== Task details ==
Your output must be the lines below from the line containing "Johan Van Alphen" to the line containing "1)打开iPhone6Plu", both lines included, reproduced exactly and without pictures.

Records contained in a dataset:
————————
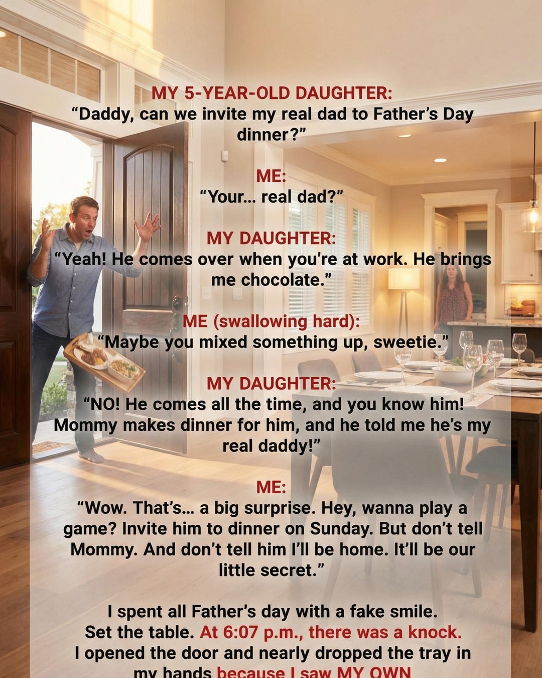 I spent all Father’s Day with a fake smile. Set the table. At 6:07 p.m., there was a knock.My wife walked in from the kitchen, wiping her hands on a towel, and immediately realized something serious was happening. I gently explained what our daughter had said. She gasped and turned pink with embarrassment.
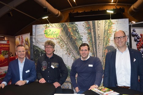 Johan Van Alphen van Special Fruit liep even langs bij Coöperatie Hoogstraten waar Marcel Biemans en Peter Rombouts de stand bemanden
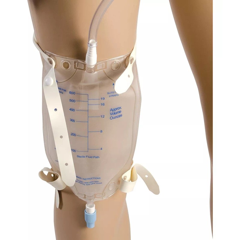 Plastic; PORTABLE URINAL is perfect for sitting, standing or walking for an extended period of time. URINAL BAG holds up to 20 ounces of urine and securely attaches to the leg with secure holster; MALE URINAL brings security and freedom to those who suffer from bladder leakage or urinary incontinence to provide an alternative to pads, diapers, reusable underwear or protective briefs; TRAVEL URINAL includes an elastic waistband that provides a secure and comfortable fit around the waist. While the jock strap is stretchable, it may not fit well on waists exceeding 42 inches; URINAL FOR MEN is reusable and washable. To clean, wash with soap and water and dry with a cloth. Urinals should be air dried on a flat surface not in direct heat or sunlight which could cause the rubber to become dry, hard and less elastic; TRAVEL URINAL FOR MEN includes jockstrap, sheath measuring 8 inches long, urinal bag measuring 10.5 x 6 holding up to 20 ounces of urine with leg holster and hose with one way valve that eliminates fluid return DMI urinal for men is a McGuire-style male urinal that is washable, reusable and fits most sizes. The advanced engineering has a one way valve that stops fluid return and the leg holster stays put when on the move. Todos nuestros productos estan en inglés SKU 21062217395
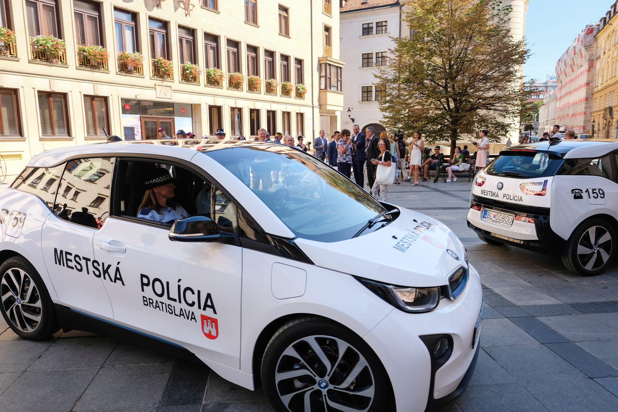 Generálny riaditeľ BMW Group Slovakia, Michael Kordys, odovzdal náčelníkovi Mestskej polície Bratislavy dva elektromobily BMW i3. Tie budú môcť bratislavskí policajti bezplatne používať do 31. októbra tohto roku.
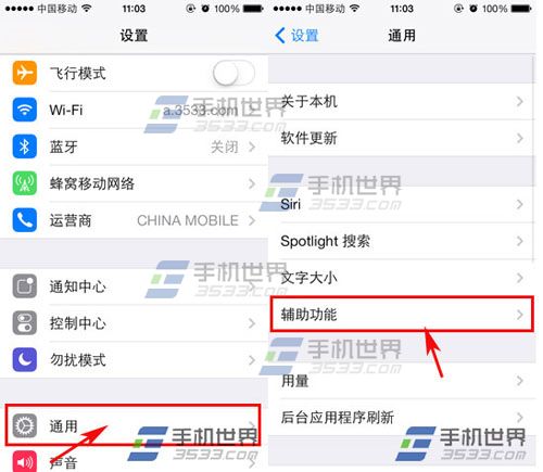 1)打开iPhone6Plus手机【设置】点击【通用】选择【辅助功能】。(如下图)
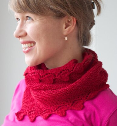 When I got this beautiful yarn with its subtle silky shine, I just knew that its deep, cool red color would be the perfect “plus pink"! I have a lot of pink T-Shirts because it is a very flattering color for me (and many other women, too – you should try it!), and I just knew that a shawlette in this gorgeous Red would go beautifully with those. And when I listened closely, I could hear the yarn whisper: “I want to be hearts! Just in time for Valentine’s day!“ So I complied: This little asymmetric triangular shawlette has a garter stitch body and a line of pretty knitted hearts along one of the short sides, making it just the thing to wear on Valentine’s day – or any day you want to show or feel a little affection.
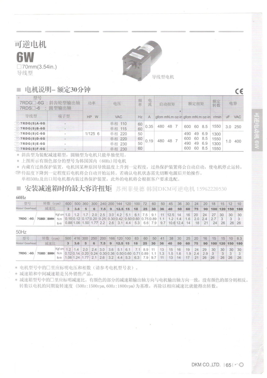 7RDGC-6G韩国DKM可逆电机 正反转
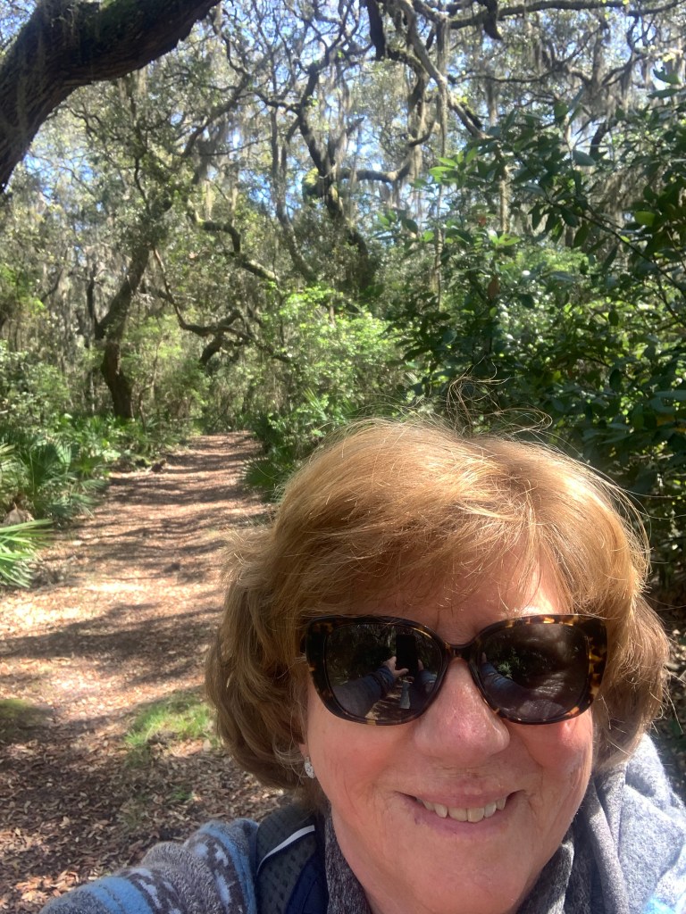 We had a bit of a break as Rick wasn’t feeling well, but finally Sunday we were able to drive north 2 hours and took the ferry from St. Mary’s Georgia to Cumberland Island. What a treat that was! Salt marshes, wild horses, turtles and large old oak trees. We watched a pelican land on a deck, waddle to the edge and finally fly into the marshy area.
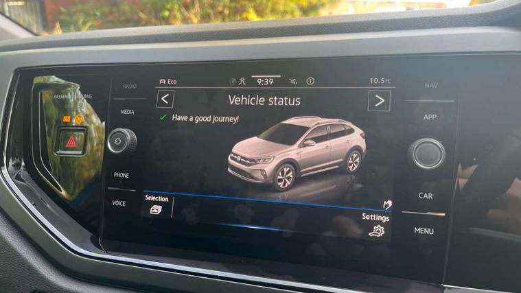 Adaptive cruise control, Advanced driver attention and drowsiness monitor, App-Connect including App-Connect Wireless, Digital cockpit pro - 10.25" high resolution TFT dash display screen with customizable menus and information, Driving profile selection, e-Call (emergency call), Power Steering, Travel assist including emergency assist, Washer fluid level indicator, Wireless Charging including Bluetooth, Start-stop system with battery regeneration (recuperation - energy recovery during braking), XDS electronic differential lock for improved traction and handling, Digital radio reception (DAB+), Diversity antenna for FM reception, WeConnect plus, Ambient lighting with logo projection, Aspherical driver's exterior mirror, Auto headlights, Body coloured bumpers, Body coloured door handles, Cornering headlights, Electric windows, External USB type C socket and charging sockets, LED rear combination lamp, LED third brake light, Left convex exterior mirror, Power folding adjustable/heated exterior mirrors and front passenger exterior mirror lowering function, Rear fog light on one side, reversing light on both sides, Rear side wing doors, Rear wash/wipe with intermittent wipe setting, 12V socket in centre console, 2 front reading lights, 3 rear head restraints, 3 seat bench in 2nd row, Air care climatronic air conditoning system with active combination filter and 2-zone temperature control, Black carpets, Black roof lining, Child seat anchor for child seat system i-Size, 2x top tether and child seat anchor in front on front passenger side, Chrome bezel for instrument cluster, vents, door handles + gear shift, Driver and front passenger seat height adjustment, Front + rear carpet mats, Front centre armrest, Front footwell illumination, Front sports comfort seats, Heated front seats, Height and reach adjustable steering wheel, Interior ambient lighting and surround lighting, Karoso artvelours cloth upholstery, Leather trimmed gear knob, Leather wrapped multifunction steering wheel, Luggage compartment floor, Luggage compartment light, Lumbar support for driver's and front passengers seat, Seat covers in grey + titanium black, Single front passenger seat, Split folding backrest with centre armrest and unsplit rear seat bench, Stainless steel pedals, Storage compartment under front seats, Sun visors with illuminated vanity mirrors, Black design pack - Taigo Black Edition, Black roof pack with mirror housing - Taigo, IQ.LIGHT - LED matrix headlights pack - Taigo, Light and Sight pack including High beam assist - Taigo, 2 x 3-point seatbelts/outer rear seats with ECE label, 3-point seat belts in front with pretensioner and height adjustment, 3-point seatbelt for centre rear seat, Adaptive driver and front passenger airbags with passenger airbag deactivation function, Driver and front passenger safety-optimised head restraints, Electronic stability control, Extended and predictive pedestrian/ cyclist protection, Front and rear disc brakes, Front curtain and side airbags with center airbag, Hill start assist, Manual rear child locks, Single tone horn, Tyre pressure loss indicator, Anti-theft alarm system with interior monitoring, backup horn, and towing protection, Grey anodised matte decorative inserts in dash and front door panels, 18" York black alloy wheels with anti theft wheel bolts, Breakdown kit, Low rolling resistance tyres,
————————
== Response to this exercise ==
 Johan Van Alphen van Special Fruit liep even langs bij Coöperatie Hoogstraten waar Marcel Biemans en Peter Rombouts de stand bemanden
 Plastic; PORTABLE URINAL is perfect for sitting, standing or walking for an extended period of time. URINAL BAG holds up to 20 ounces of urine and securely attaches to the leg with secure holster; MALE URINAL brings security and freedom to those who suffer from bladder leakage or urinary incontinence to provide an alternative to pads, diapers, reusable underwear or protective briefs; TRAVEL URINAL includes an elastic waistband that provides a secure and comfortable fit around the waist. While the jock strap is stretchable, it may not fit well on waists exceeding 42 inches; URINAL FOR MEN is reusable and washable. To clean, wash with soap and water and dry with a cloth. Urinals should be air dried on a flat surface not in direct heat or sunlight which could cause the rubber to become dry, hard and less elastic; TRAVEL URINAL FOR MEN includes jockstrap, sheath measuring 8 inches long, urinal bag measuring 10.5 x 6 holding up to 20 ounces of urine with leg holster and hose with one way valve that eliminates fluid return DMI urinal for men is a McGuire-style male urinal that is washable, reusable and fits most sizes. The advanced engineering has a one way valve that stops fluid return and the leg holster stays put when on the move. Todos nuestros productos estan en inglés SKU 21062217395
 Generálny riaditeľ BMW Group Slovakia, Michael Kordys, odovzdal náčelníkovi Mestskej polície Bratislavy dva elektromobily BMW i3. Tie budú môcť bratislavskí policajti bezplatne používať do 31. októbra tohto roku.
 1)打开iPhone6Plus手机【设置】点击【通用】选择【辅助功能】。(如下图)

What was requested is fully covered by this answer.